На станции послышались крики, шум. На путях стоял груженный углем состав. На платформах его расположились женщины с корзинами и мешками, солдаты прогоняли их. Кто мог, совал фашистам деньги. Тогда они молча отходили.
- Можно пробраться без пропуска? - спросила я Катю.
- Да, пойдем, я отведу тебя пока к бабушке, здесь недалеко, у вокзала.
В теплой комнатке, пахнувшей свежеиспеченным хлебом, нас встретила приветливая хозяйка. Пока мы с Катей завтракали, она, подперев щеку кулаком, пристально смотрела на нас. Глаза ее были влажны от слез.
- Твоя бабушка? - тихо спросила я Катю.
- Нет, - улыбнулась она, - я тоже только сегодня познакомилась с ней.
- Вы мне теперь все родные, - проговорила бабушка, поняв, о чем я спросила подругу. - Не насмотрюсь я на вас. Горькое времечко вам, молодым, досталось…
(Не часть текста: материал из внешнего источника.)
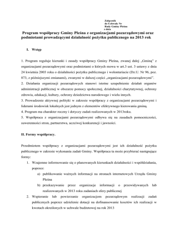 Załącznik do Uchwały Nr Rady Gminy Pleśna z dnia Program współpracy Gminy Pleśna z organizacjami pozarządowymi oraz podmiotami prowadzącymi działalność pożytku publicznego na 2013 rok I. Wstęp 1. Program reguluje kierunki i zasady współpracy Gminy Pleśna, zwanej dalej „Gminą” z organizacjami pozarządowymi oraz podmiotami o których mowa w art.3 ust. 3 ustawy z dnia 24 kwietnia 2003 roku o działalności pożytku publicznego i wolontariacie (Dz.U. Nr 96, poz. 873, z późniejszymi zmianami), zwanymi w dalszej części „organizacjami pozarządowymi”. 2. Działania organizacji pozarządowych stanowi istotne uzupełnienie działań organów administracji publicznej w obszarze pomocy społecznej, działalności charytatywnej, ochrony zdrowia, edukacji, kultury, ochrony dziedzictwa narodowego i wielu innych. 3. Prowadzenie aktywnej polityki w zakresie współpracy z organizacjami pozarządowymi i liderami środowisk lokalnych jest jednym z elementów efektywnego kierowania gminą. 4. Program ma charakter roczny i dotyczy zadań realizowanych w 2013roku. 5. Współpraca z organizacjami pozarządowymi odbywa się na zasadach pomocniczości, suwerenności stron, partnerstwa, uczciwej konkurencji i jawności. II. Formy współpracy. Przedmiotem współpracy z organizacjami pozarządowymi jest ich działalność pożytku publicznego w zakresie wykonania zadań Gminy. Współpraca ta może przybierać następujące formy: 1. Wzajemne informowanie się o planowanych kierunkach działalności i współdziałania, poprzez: a) publikowanie ważnych informacji na stronach internetowych Urzędu Gminy Pleśna b) przekazywanie przez organizacje informacji o przewidywanych lub realizowanych w 2013 roku zadaniach sfery publicznej 2. Wspieranie lub powierzanie organizacjom pozarządowym realizacji zadań publicznych poprzez udzielenie dotacji na dofinansowanie kosztów ich realizacji w kwotach określonych w uchwale budżetowej na rok 2013 3. Tworzenie wspólnych zespołów o charakterze doradczym i inicjatywnym przedstawicieli organizacji pozarządowych i samorządu terytorialnego. III. Podmioty programu współpracy 1. Organizacjami, z którymi współpracuje Samorząd Gminy Pleśna są: Stowarzyszenia a) Galicyjskie Gospodarstwa Gościnne Koło Terenowe w Pleśnej b) Stowarzyszenie Rodzin Katolickich w Lichwinie c) Polski Związek Wędkarski Koło Wędkarskie nr 22 Pleśna CERTA 1.2.Kluby Sportowe a) Ludowy Klub Sportowy „Pogórze” Pleśna b) Ludowy Klub Sportowy „Świebodzin” w Świebodzinie c) Klub Sportowy „KS Rzuchowa” w Rzuchowej d) Uczniowski Klub Sportowy „Herkules” w Janowicach e) Uczniowski Klub Sportowy „Iskra” w Lichwinie f) Uczniowski Klub Sportowy w Pleśnej g) Uczniowski Klub Sportowy „OMEGA” w Rzuchowej 1.3 . Organizacje działające w ramach związków wyznaniowych (np. parafie, grupy charytatywne, zakłady opiekuńcze) a) oddział „Caritas” przy Parafii p.w. Wniebowzięcia Najświętszej Marii Panny w Pleśnej b) oddział „Caritas” przy Parafii p.w. Ducha Świętego w Rzuchowej c) oddział „Caritas” przy Parafii p.w. Świętego Maksymiliana Marii Kolbe w Świebodzinie d) oddział „Caritas” przy Parafii p.w. Niepokalanego Serca Matki Bożej w Szczepanowicach e) oddział „Caritas” przy Parafii p.w. Podwyższenia Krzyża Świętego w Janowicach f) oddział „Caritas” przy Parafii p.w. Najświętszego Serca Jezusowego w Lichwinie 1.4. Ochotnicze Straże Pożarne ( w zakresie nie objętym utrzymaniem gotowości bojowej) : a) Ochotnicza Straż Pożarna w Janowicach b) Ochotnicza Straż Pożarna w Lichwinie c) Ochotnicza Straż Pożarna w Rzuchowej d) Ochotnicza Straż Pożarna w Pleśnej e) Ochotnicza Straż Pożarna w Szczepanowicach f) Ochotnicza Straż Pożarna w Lubince 1.5. Związek rolników, kół i organizacji Rolniczych- Koło Gospodyń Wiejskich. 2. Program współpracy dotyczy organizacji pozarządowych podmiotów prowadzących działalność pożytku publicznego na terenie Gminy Pleśna ( bez względu na siedzibę), nie działających w celu osiągnięcia zysku. IV. Przedmiot współpracy. Przedmiotem współpracy Gminy Pleśna z organizacjami pozarządowymi i podmiotami prowadzącymi działalność pożytku publicznego jest realizacja zadań publicznych w sferze: a) sportu, rekreacji, kultury fizycznej i turystyki b) profilaktyki i ochrony zdrowia c) kultury i ochrony dziedzictwa narodowego d) promocji gminy V. Współpraca w pozyskiwaniu środków z innych źródeł. 1. Samorząd Gminy Pleśna będzie pomagał podmiotom prowadzącym działalność pożytku publicznego w pozyskiwaniu środków z innych niż budżet gminy źródeł finansowania. Dzięki tej formie współpracy, mogą trafić do gminy środki na realizację programów istotnych z punktu widzenia mieszkańców gminy. Dotyczyć to będzie w szczególności pozyskiwania środków pomocowych z Unii Europejskiej. 2. Pomoc gminy obejmować będzie w miarę możliwości: 1. Informowanie o potencjalnych źródłach finansowania i zasadach udzielania dotacji 2. Opiniowanie wniosków o dotację ze źródeł zewnętrznych 3. Promowanie ciekawych programów mogących uzyskać środki ze źródeł zewnętrznych 4. Współfinansowanie projektów, których realizacja związana będzie z pozyskaniem środków pochodzących z Unii Europejskiej. VI. Zlecania realizacji zadań publicznych. 1. Wspieranie bądź powierzanie realizacji zadania publicznego odbywać się będzie po przeprowadzeniu otwartego konkursu ofert, który ogłasza Wójt Gminy Pleśna z 21 dniowym wyprzedzeniem. 2. Ogłaszając otwarty konkurs ofert w celu zlecenia zadań publicznych organizacjom pozarządowym Wójt Gminy Pleśna opublikuje informację o nim: a) w Biuletynie Informacji Publicznej b) w siedzibie Urzędu Gminy Pleśna na tablicy ogłoszeń c) na stronie internetowej Urzędu Gminy Pleśna 3. Otwarte konkursy ofert są ogłaszane i przeprowadzane w oparciu o przepisy ustawy i wydanyc

Когда старушка отошла к плите, Катя шепнула:
- У нее сын и дочь в лесу… Я ей весточку привезла от них.
- Помалкивай, Катюша, - напомнила я.
Она понимающе взглянула на меня и кивнула головой.
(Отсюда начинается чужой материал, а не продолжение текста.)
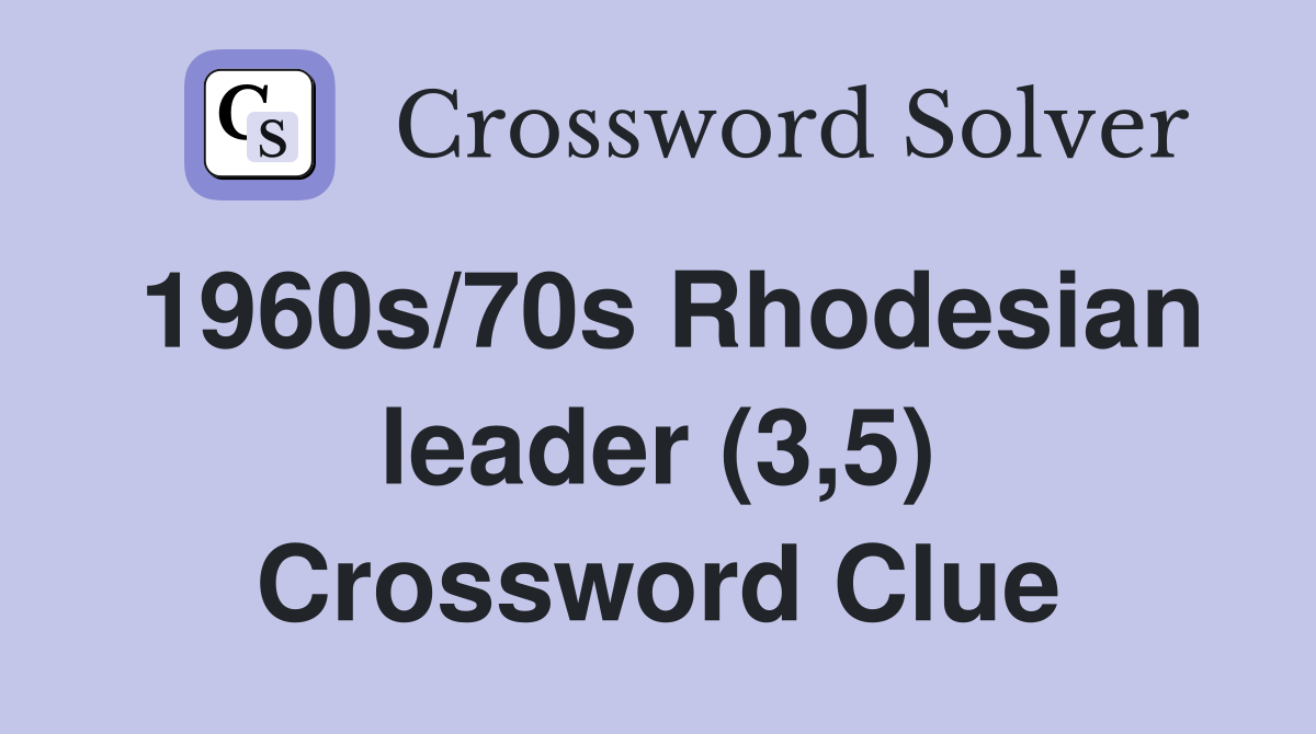 1960s/70s Rhodesian leader (3 5) Crossword Clue Answers Crossword

- Я всю ночь не спала, - сказала я Кате. - В тепле совсем раскисла…
- Я тоже. Вот поедим и поспим часика два. Здесь спокойно.
- Кушайте, кушайте, деточки, что бог послал, - говорила хозяйка.
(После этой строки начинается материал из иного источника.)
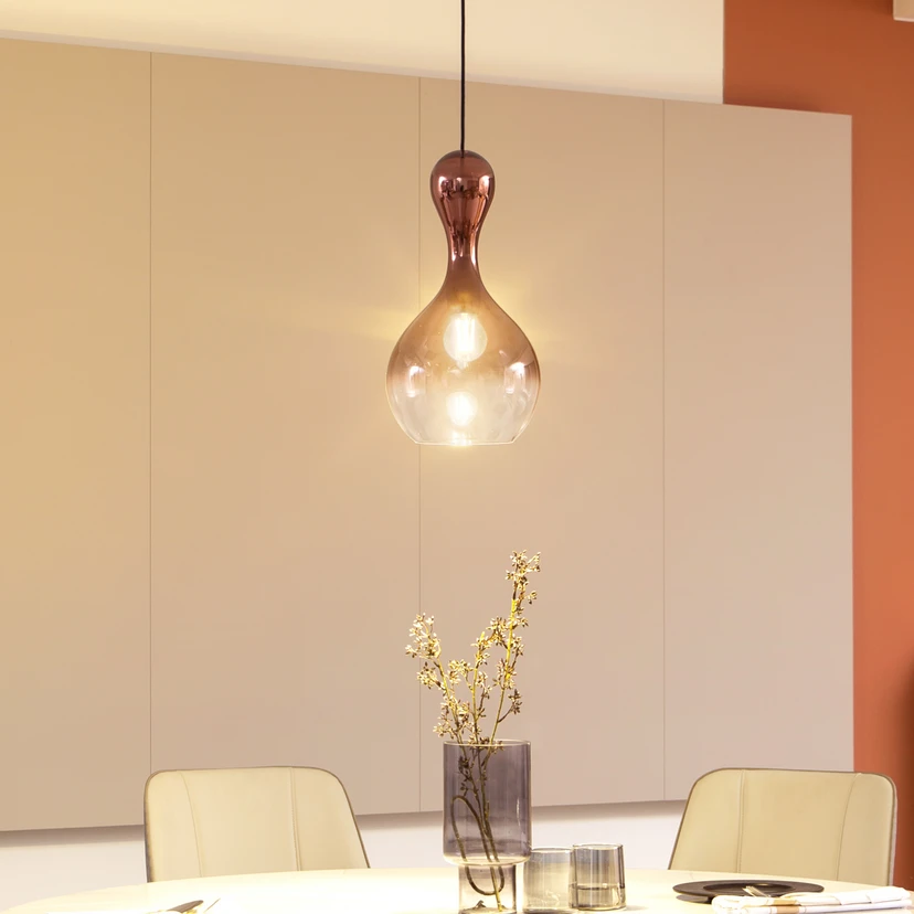Jednoplamenska viseća svjetiljka Lyrisa sa staklenim abažurom u lukovičastom izgledu i bakrenoj boji

Бабушка накормила нас и уложила отдохнуть; мы с подругой детства еще долго разговаривали. Прижавшись друг к другу на небольшой бабушкиной кровати, вспоминали счастливые пионерские годы. Вспомнили и Агнию Митрофановну Золотареву, директора Симферопольской железнодорожной школы, в которой мы учились. Агния Митрофановна была старым членом партии. Часто она рассказывала нам, ученикам, о революционном движении в России, об Октябрьской революции, участницей которой она была. Мы слушали ее затаив дыхание. Всегда спокойная и выдержанная, она старалась внушить нам любовь к знаниям и Родине, воспитать нас настоящими патриотами. Этому Агния Митрофановна отдавала все свои силы и талант педагога.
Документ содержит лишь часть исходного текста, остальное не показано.